GigQ allows you to create workflows of dependent jobs:

```python
from gigq import Workflow

# Create a workflow
workflow = Workflow("data_processing")

# Add jobs with dependencies
job1 = Job(name="download", function=download_data, params={"url": "https://example.com/data.csv"})
job2 = Job(name="process", function=process_data, params={"filename": "data.csv"})
job3 = Job(name="analyze", function=analyze_data, params={"processed_file": "processed.csv"})

# Add jobs to workflow with dependencies
workflow.add_job(job1)
workflow.add_job(job2, depends_on=[job1])
workflow.add_job(job3, depends_on=[job2])

# Submit all jobs in the workflow
job_ids = workflow.submit_all(queue)
```

## CLI Usage

GigQ comes with a command-line interface for common operations:

```bash
# Submit a job
gigq submit my_module.my_function --name "My Job" --param "filename=data.csv" --param "threshold=0.7"

# List jobs
gigq list
gigq list --status pending

# Check job status
gigq status your-job-id --show-result

# Cancel a job
gigq cancel your-job-id

# Requeue a failed job
gigq requeue your-job-id

# Start a worker
gigq worker

# Clear completed jobs
gigq clear
gigq clear --before 7  # Clear jobs completed more than 7 days ago
```

## Example: GitHub Archive Processing

See the `examples/github_archive.py` script for a complete example of using GigQ to process GitHub Archive data.

## Technical Details

### SQLite Schema

GigQ uses a simple SQLite schema with two main tables:

1. `jobs` - Stores job definitions and current state
2. `job_executions` - Tracks individual execution attempts

The schema is designed for simplicity and efficiency with appropriate indexes for common operations.

### Concurrency Handling

GigQ uses SQLite's built-in locking mechanisms to ensure safety when multiple workers are running.

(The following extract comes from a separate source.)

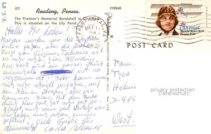 72893180 old postcard Reading Pennsylvania Konzerthalle postalisch gelaufen Erhaltung siehe scans [KathaD81] KatCode: 14140410000000

Each worker claims jobs using an exclusive transaction, preventing duplicate execution.

### Error Handling

Failed jobs can be automatically retried up to a configurable number of times. Detailed error information is stored in the database for debugging. Jobs that exceed their timeout are automatically detected and marked as failed or requeued.

## Development and Contribution

For local development:

1. Clone the repository
2. Create a virtual environment
3. Install build dependencies: `pip install setuptools wheel`
4. Install in development mode: `pip install -e .`
5. Run tests: `python -m unittest discover tests`

## License

This project is licensed under the MIT License - see the [LICENSE](LICENSE) file for details.